Experiencing Underground Railroad through First Congressional Church in Detroit
Re-enactment tour tells story of original Underground Railroad passage
DETROIT – It’s called the "Flight to Freedom": a re-enactment tour that tells the story of the Underground Railroad passage that spirited runaway slaves to freedom between 1840 and 1863..
That journey stretched for hundreds of miles, from the South to parts of the North and Midwest. Detroit was a popular spot for the slaves as they escaped to Canada.
“We still, my friends and I, laugh about the times when we went to the theater and we paid the same price, but we had to sit up in the balcony,” said Jackuline McKinney.
It’s hard to imagine now, but McKinney said those were the hard facts during the civil rights movement. Everywhere you go, there were two different sections, one for blacks and one for whites.
“I lived during that time,” McKinney said.

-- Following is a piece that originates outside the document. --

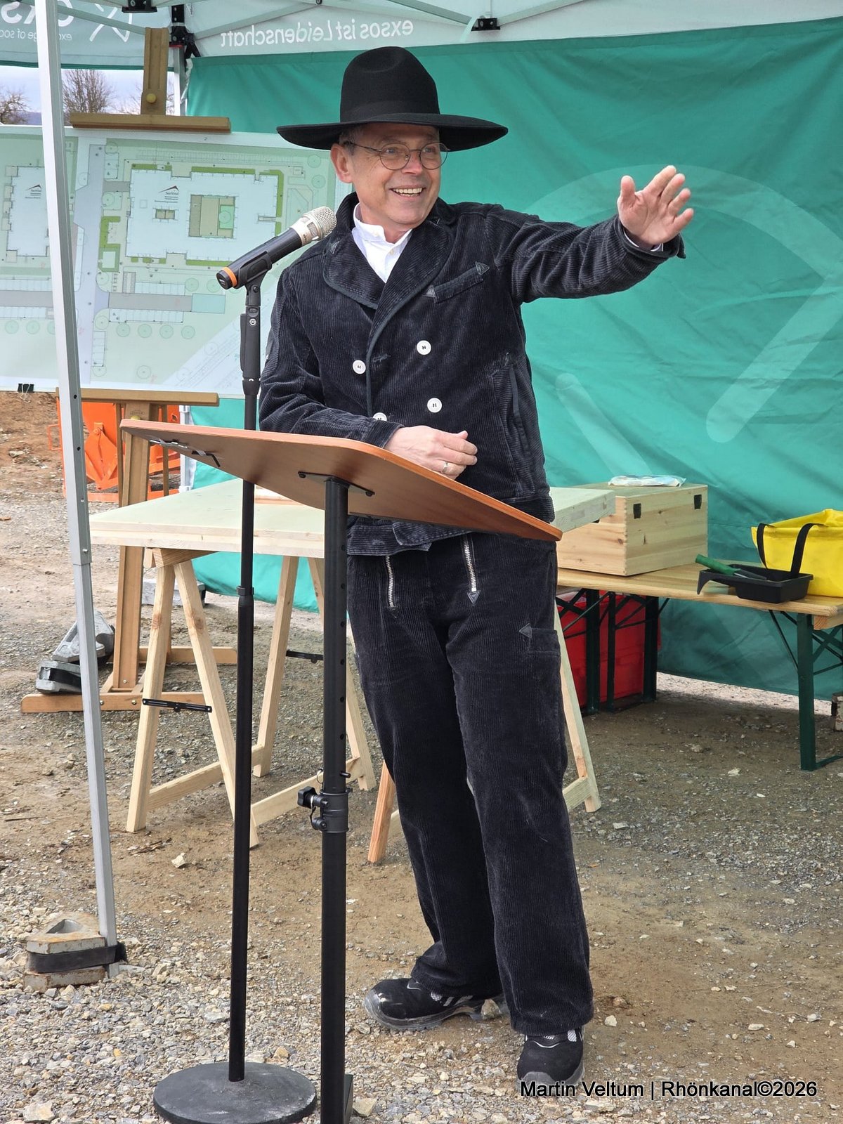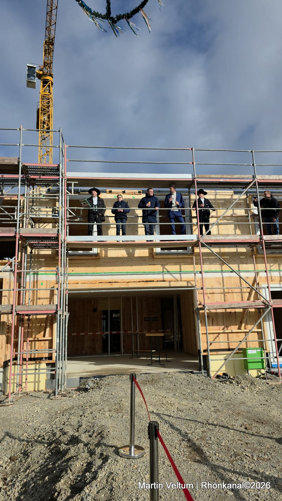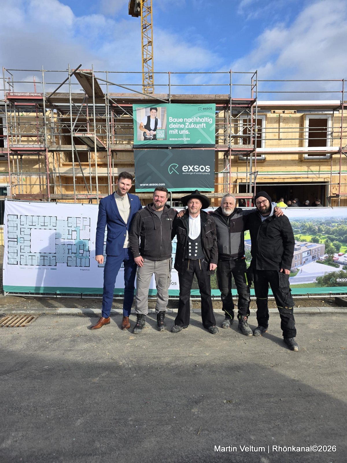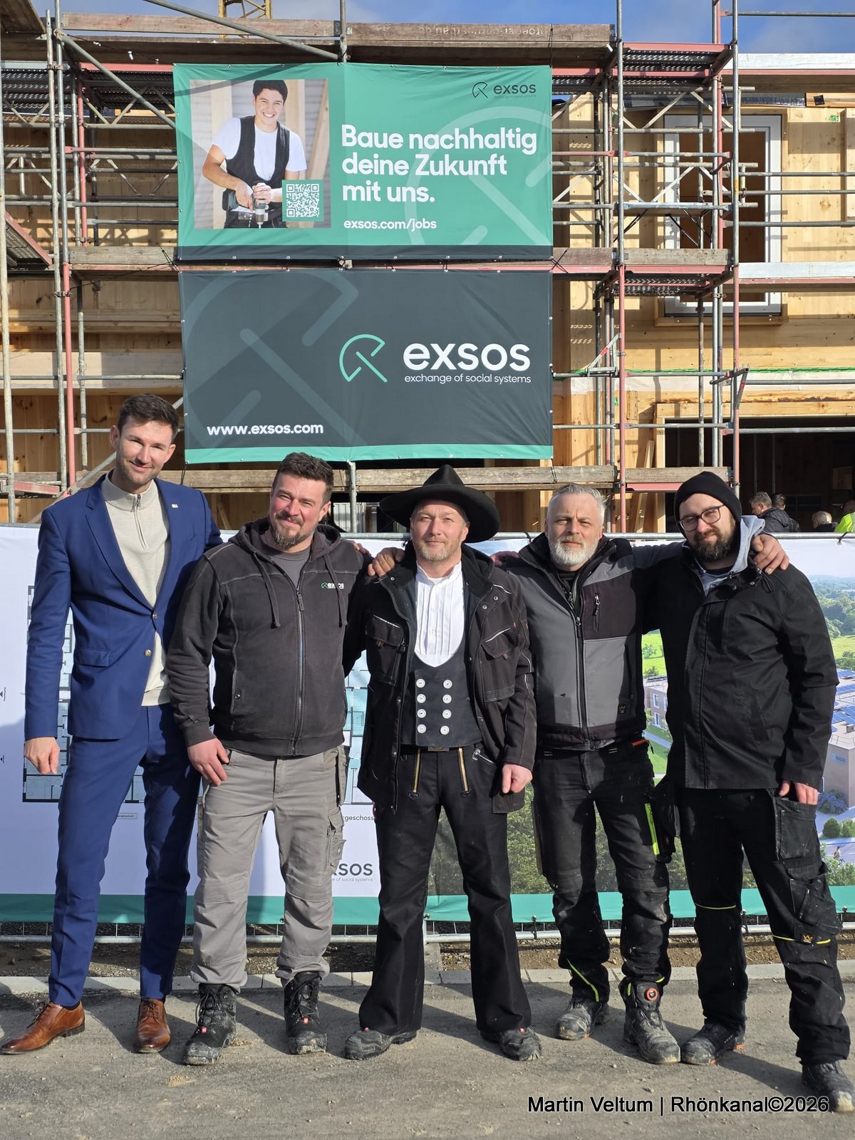 In seiner Begrüßung trat Thoralf Bäring, Geschäftsführer der exsos GmbH, in traditioneller Zimmermannstracht auf und würdigte die Arbeit aller Beteiligten: „Als gelernter Zimmermann weiß ich, was hier täglich geleistet wird. Wichtig ist mir vor allem: Der Bau verläuft unfallfrei, planmäßig und im Zeitrahmen. Genau so soll es sein.“

McKinney and her friends often meet up to celebrate Black History. Many of them marched with Dr. Martin Luther King Jr. for the freedom we have today, but she said that fight started many, many years ago and they’re getting a reminder of that at the First Congressional Church in Detroit. The church is home to the Underground Railroad Living Museum or the "Flight to Freedom" tour.
“Hello, everybody my name is Bo and I’m going to be you guys conductor on this escape to freedom. We getting ready to step through this door. This is the door of no return. Once we step through this door, there’s no turning around,” said Bo with the Underground Railroad re-enactment group.
The tour started on the Oak Alley Plantation. Its purpose was to show us what the slaves went through on the two-year journey, to escape from the South to the North.
“Now we got this place lit up a little bit, where y'all can see where you’re going. Now I want you guys to imagine, doing this in pitch black darkness. Ain’t none of you guys would have had them fancy clothes on, and shoes would have been the last thing you would have had on your feet. Do anybody know what star that is right there? That’s the North Star, and that’s what we’re going to travel by,” said Bo.
The North Star directed them.
“Now we going to keep on traveling, y'all. We been traveling for 5 1/2 months. This is Kentucky. This is a place in Kentucky where we stop sometimes to get some rest,” said Bo.
They often stopped at the homes of Quakers. They are members of a historically Christian group of religious movements formally known as the Religious Society of Friends.
Once they made it to the North, the slaves would often yell, "Freedom!"